Records provided:
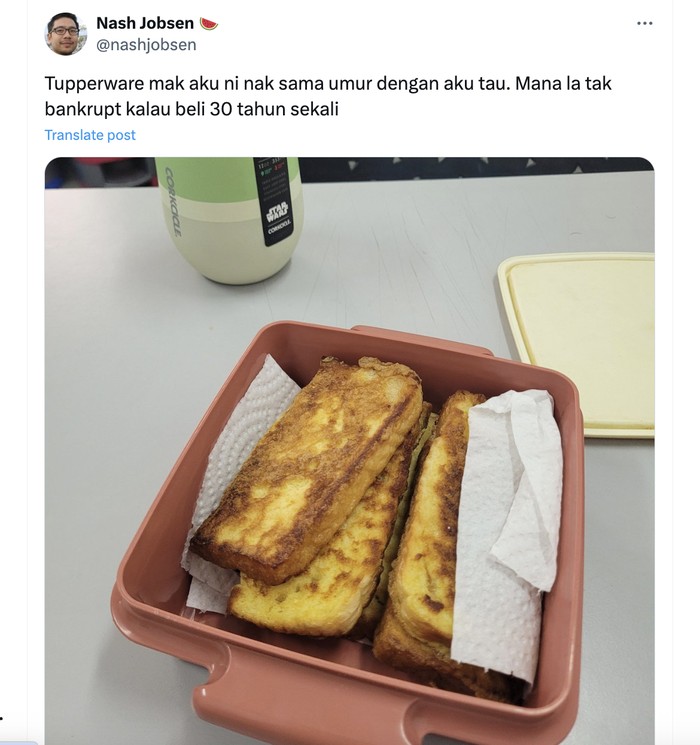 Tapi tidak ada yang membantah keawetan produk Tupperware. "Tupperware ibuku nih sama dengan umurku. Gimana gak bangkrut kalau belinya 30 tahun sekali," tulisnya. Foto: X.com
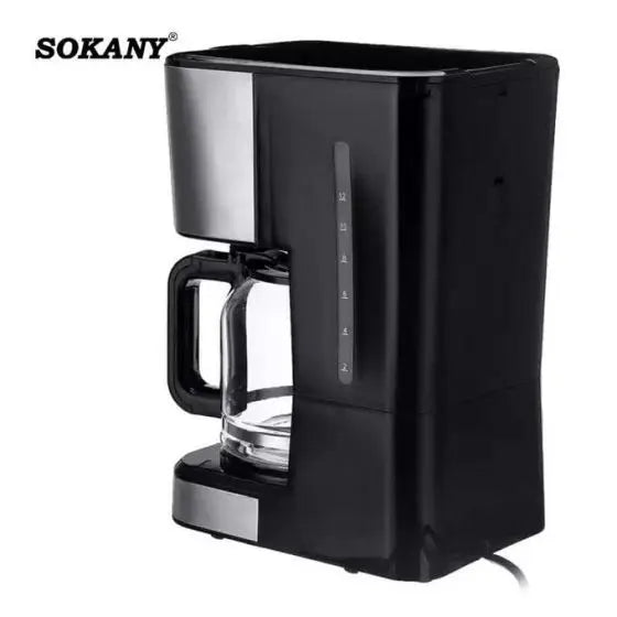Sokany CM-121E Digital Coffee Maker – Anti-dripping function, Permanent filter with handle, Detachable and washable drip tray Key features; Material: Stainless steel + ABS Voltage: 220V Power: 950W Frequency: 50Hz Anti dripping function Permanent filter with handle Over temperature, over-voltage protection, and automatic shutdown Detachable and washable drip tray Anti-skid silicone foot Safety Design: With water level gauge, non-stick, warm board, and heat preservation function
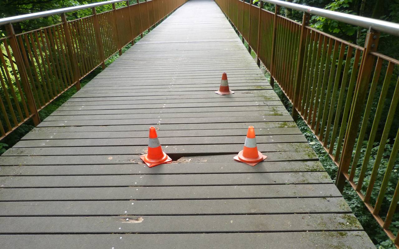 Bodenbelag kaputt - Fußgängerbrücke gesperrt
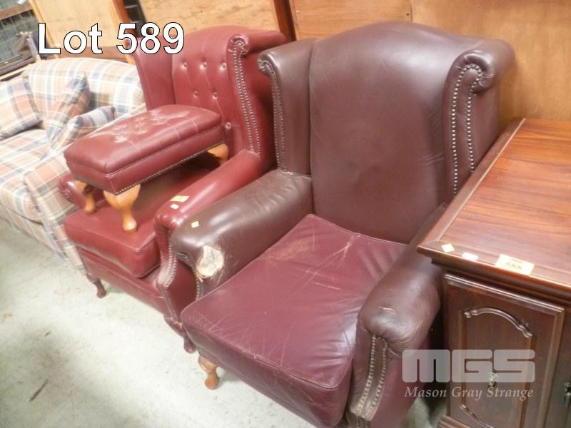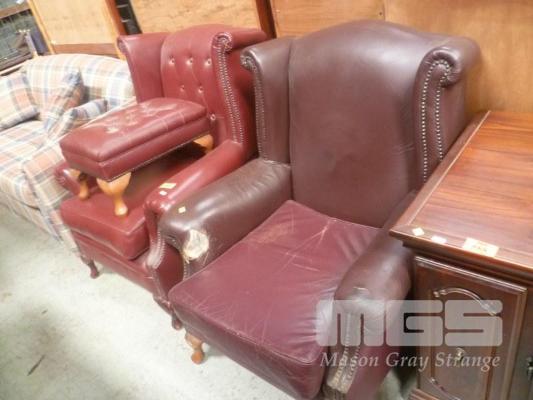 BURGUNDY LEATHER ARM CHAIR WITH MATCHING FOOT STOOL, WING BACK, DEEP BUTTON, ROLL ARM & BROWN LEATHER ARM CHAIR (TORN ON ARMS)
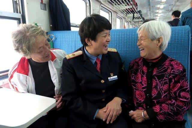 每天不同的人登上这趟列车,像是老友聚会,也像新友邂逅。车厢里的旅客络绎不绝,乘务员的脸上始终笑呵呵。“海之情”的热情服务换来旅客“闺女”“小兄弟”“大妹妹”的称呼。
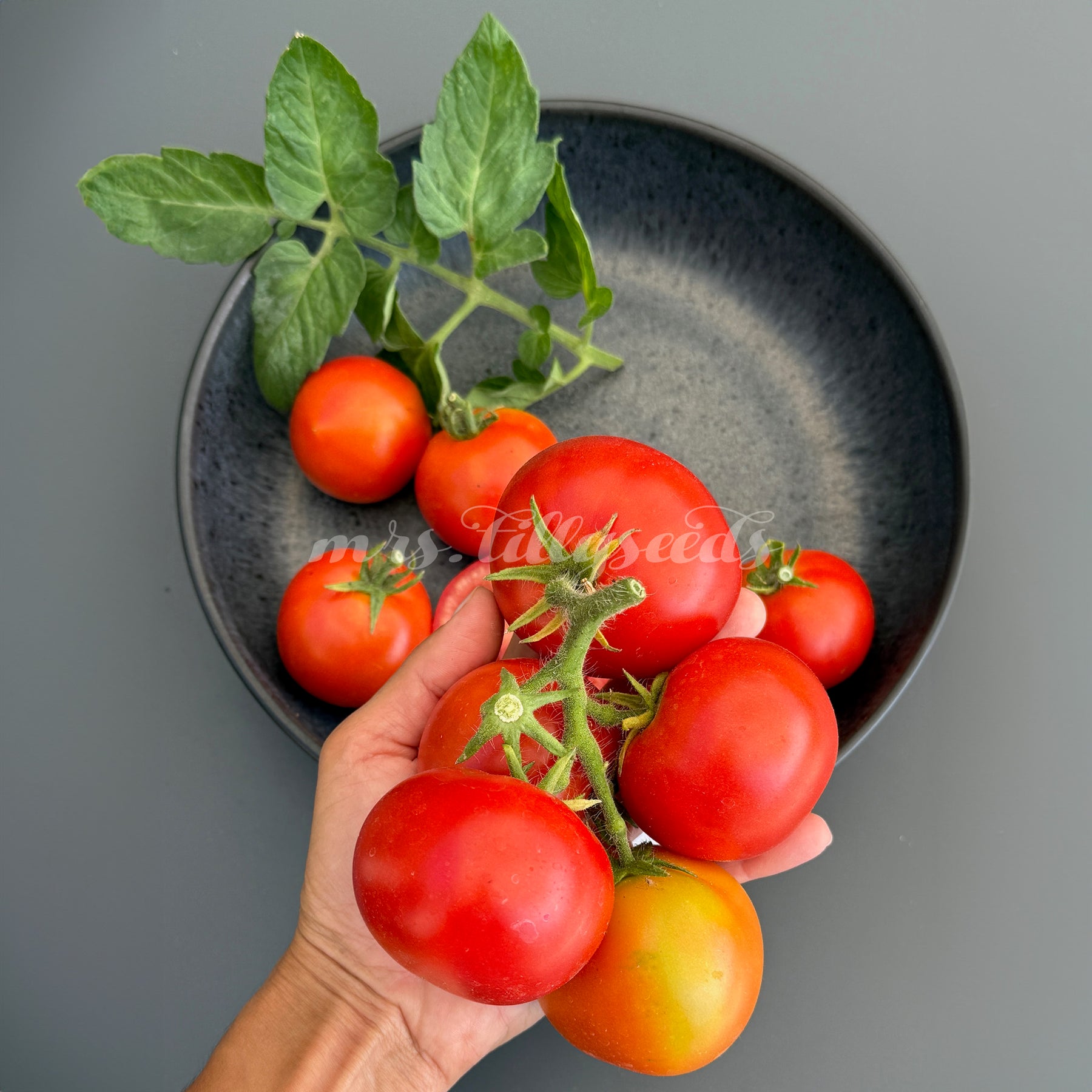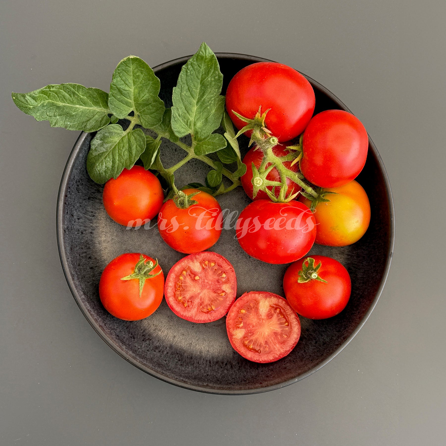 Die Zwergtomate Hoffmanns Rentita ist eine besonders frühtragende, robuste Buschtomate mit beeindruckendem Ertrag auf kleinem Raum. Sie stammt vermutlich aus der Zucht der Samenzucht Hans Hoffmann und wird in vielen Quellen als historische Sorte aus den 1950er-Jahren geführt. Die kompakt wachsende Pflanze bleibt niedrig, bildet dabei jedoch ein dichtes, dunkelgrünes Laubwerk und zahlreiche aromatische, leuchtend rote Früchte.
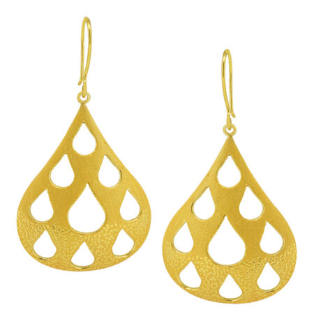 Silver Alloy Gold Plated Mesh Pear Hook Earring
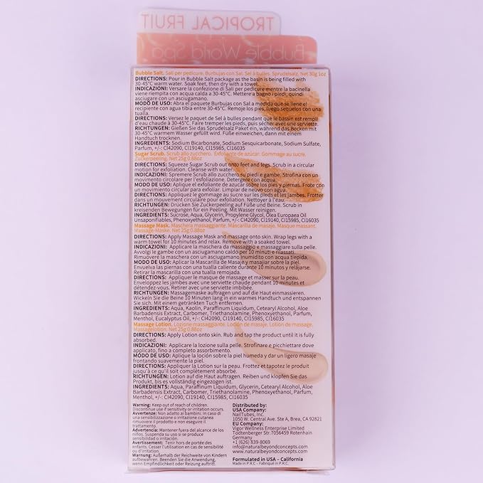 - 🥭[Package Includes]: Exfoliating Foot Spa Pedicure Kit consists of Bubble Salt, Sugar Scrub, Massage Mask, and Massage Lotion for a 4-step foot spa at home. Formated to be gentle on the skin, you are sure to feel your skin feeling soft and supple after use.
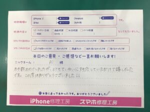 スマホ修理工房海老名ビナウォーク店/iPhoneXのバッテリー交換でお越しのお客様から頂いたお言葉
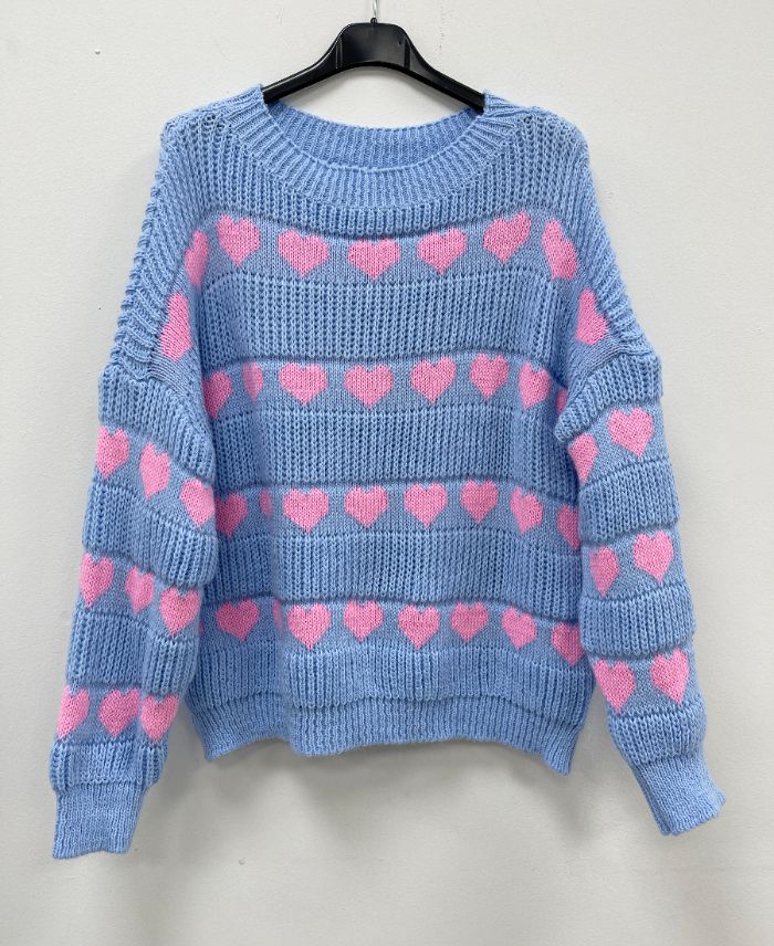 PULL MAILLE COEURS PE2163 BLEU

The task: Set the pictures aside and transcribe the data above exactly.

Exercise solution:
 Tapi tidak ada yang membantah keawetan produk Tupperware. "Tupperware ibuku nih sama dengan umurku. Gimana gak bangkrut kalau belinya 30 tahun sekali," tulisnya. Foto: X.com
Sokany CM-121E Digital Coffee Maker – Anti-dripping function, Permanent filter with handle, Detachable and washable drip tray Key features; Material: Stainless steel + ABS Voltage: 220V Power: 950W Frequency: 50Hz Anti dripping function Permanent filter with handle Over temperature, over-voltage protection, and automatic shutdown Detachable and washable drip tray Anti-skid silicone foot Safety Design: With water level gauge, non-stick, warm board, and heat preservation function
 Bodenbelag kaputt - Fußgängerbrücke gesperrt
 BURGUNDY LEATHER ARM CHAIR WITH MATCHING FOOT STOOL, WING BACK, DEEP BUTTON, ROLL ARM & BROWN LEATHER ARM CHAIR (TORN ON ARMS)
 每天不同的人登上这趟列车,像是老友聚会,也像新友邂逅。车厢里的旅客络绎不绝,乘务员的脸上始终笑呵呵。“海之情”的热情服务换来旅客“闺女”“小兄弟”“大妹妹”的称呼。
 Die Zwergtomate Hoffmanns Rentita ist eine besonders frühtragende, robuste Buschtomate mit beeindruckendem Ertrag auf kleinem Raum. Sie stammt vermutlich aus der Zucht der Samenzucht Hans Hoffmann und wird in vielen Quellen als historische Sorte aus den 1950er-Jahren geführt. Die kompakt wachsende Pflanze bleibt niedrig, bildet dabei jedoch ein dichtes, dunkelgrünes Laubwerk und zahlreiche aromatische, leuchtend rote Früchte.
 Silver Alloy Gold Plated Mesh Pear Hook Earring
 - 🥭[Package Includes]: Exfoliating Foot Spa Pedicure Kit consists of Bubble Salt, Sugar Scrub, Massage Mask, and Massage Lotion for a 4-step foot spa at home. Formated to be gentle on the skin, you are sure to feel your skin feeling soft and supple after use.
 スマホ修理工房海老名ビナウォーク店/iPhoneXのバッテリー交換でお越しのお客様から頂いたお言葉
 PULL MAILLE COEURS PE2163 BLEU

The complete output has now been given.